The aqueous binder may include styrene-butadiene rubber, (meth)acrylated styrene-butadiene rubber, (meth)acrylic rubber, butyl rubber, fluoro elastomer, polyethylene oxide, polyvinyl pyrrolidone, polyepichlorohydrin, polyphosphazene, poly(meth)acrylonitrile, ethylene propylene diene copolymer, polyvinyl pyridine, chlorosulfonated polyethylene, latex, polyester resin, (meth)acrylic resin, phenolic resin, epoxy resin, polyvinyl alcohol, or a combination thereof.
If an aqueous binder is used as the negative electrode binder, a cellulose-based compound capable of providing or increasing viscosity may further be included. The cellulose-based compound may include one or more selected from carboxymethyl cellulose, hydroxypropylmethyl cellulose, methyl cellulose, and alkali metal salts thereof. The alkaline metal may include Na, K, and/or Li.
The dry binder may include a fibrillizable polymer material, for example, polytetrafluoroethylene, polyvinylidene fluoride, polyvinylidene fluoride-hexafluoropropylene copolymer, polyethylene oxide, or a combination thereof.
The conductive material may be used to provide an electrode with conductivity (e.g., electrical conductivity), and any suitable conductive material without causing chemical change of a battery (e.g., that does not cause an undesirable chemical change in the rechargeable lithium battery) may be used as the conductive material to constitute the battery. For example, the conductive material may include a carbon-based material such as natural graphite, artificial graphite, carbon black, acetylene black, Ketjenblack, carbon fiber, carbon nano-fiber, and/or carbon nano-tube; a metal powder and/or metal fiber including one or more selected from copper, nickel, aluminum, and silver; a conductive polymer (e.g., an electrically conductive polymer) such as a polyphenylene derivative; or a mixture thereof.
The current collector COL2 may include a copper foil, a nickel foil, a stainless-steel foil, a titanium foil, a nickel foam, a copper foam, a polymer substrate coated with a conductive metal (e.g., an electrically conductive metal), or a combination thereof.

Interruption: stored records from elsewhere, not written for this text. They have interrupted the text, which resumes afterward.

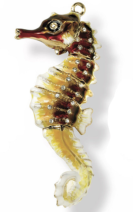Like regal sentinels of the deep, vibrantly colored seahorses stand at attention among your Christmas tree's branches. Tiny hinges along their bodies allow them to bend and sway as if caught up in a deep sea current. Tiny crystal clear accents sparkle among the tree lights. Each ornament is beautifully enameled and accented in gold plate.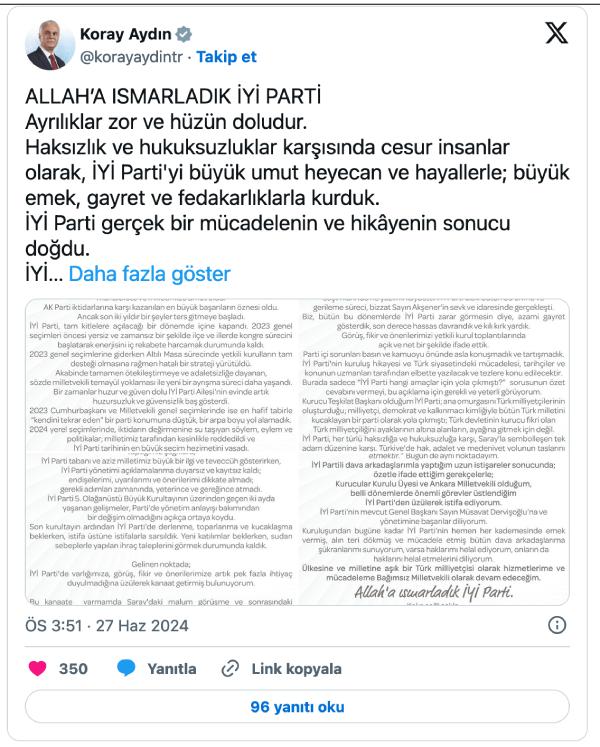 İYİ Parti kurucularından Koray Aydın, istifa metnini yayımladı. Bağımsız milletvekili olarak yoluna devam edeceğini duyuran Aydın, açıklamasına Allaha ısmarladık İYİ Parti ifadeleri ile başladı.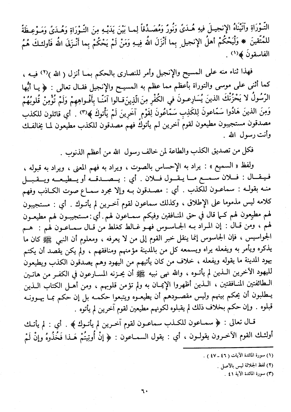 فَهَذَا ثَنَاء مِنْهُ على الْمَسِيح وَالْإِنْجِيل وَأمر لِلنَّصَارَى بالحكم بِمَا أنزل الله فِيهِ كَمَا أثنى على مُوسَى والتوراة بأعظم مِمَّا عظم بِهِ الْمَسِيح وَالْإِنْجِيل فَقَالَ تَعَالَى {يَا أَيهَا الرَّسُول لَا يحزنك الَّذين يُسَارِعُونَ فِي الْكفْر من الَّذين قَالُوا آمنا بأفواههم وَلم تؤمن قُلُوبهم وَمن الَّذين هادوا سماعون للكذب سماعون لقوم آخَرين لم يأتوك} أَي قَائِلُونَ للكذب مصدقون مستجيبون مطيعون لقوم آخَرين لم يأتوك فهم مصدقون للكذب مطيعون لما يخالفك وَأَنت رَسُول الله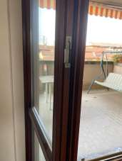 Internamente così diviso: ingresso sul soggiorno, cucina abitabile, disimpegno, due bagni e tre camere da letto, un balcone e un terrazzo. Aria Condizionata, riscaldamento autonomo. Completano la proprietà un ampia cantina direttamente servita da ascensore ed un ampia e comoda autorimessa al piano interrato.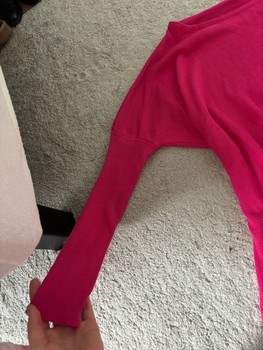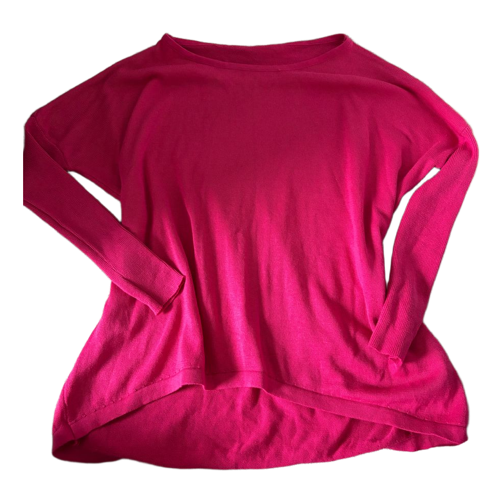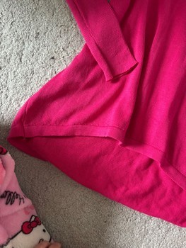 Pinkki pitkähihainen neulepaita. Pyöreä kaula-aukko ja helma takaa pidempi. Hihat on tiukemmat

The negative electrode active material in the negative electrode active material layer AML2 may include a material that can reversibly intercalate and de-intercalate lithium ions, lithium metal, a lithium metal alloy, a material that can dope and de-dope lithium, and/or a transition metal oxide.
The material that can reversibly intercalate and de-intercalate lithium ions may include a carbon-based negative electrode active material, for example, crystalline carbon, amorphous carbon, or a combination thereof. For example, the crystalline carbon may include graphite such as non-shaped, sheet-shaped, flake-shaped, sphere-shaped, and/or fiber-shaped natural and/or artificial graphite, and the amorphous carbon may include soft carbon, hard carbon, mesophase pitch carbon, and/or calcined coke.
The lithium metal alloy may include an alloy of lithium and a metal that is selected from Na, K, Rb, Cs, Fr, Be, Mg, Ca, Sr, Si, Sb, Pb, In, Zn, Ba, Ra, Ge, Al, and Sn.
The material that can dope and de-dope lithium may include a Si-based negative electrode active material and/or a Sn-based negative electrode active material. The Si-based negative electrode active material may include silicon, silicon-carbon composite, SiOx (0<x<2), Si-Q alloy (where Q is alkali metal, alkaline earth metal, Group 13 element, Group 14 element (except for Si), Group 15 element, Group 16 element, transition metal, rare-earth element, or a combination thereof), or a combination thereof. The Sn-based negative electrode active material may include Sn, SnO2, a Sn-based alloy, or a combination thereof.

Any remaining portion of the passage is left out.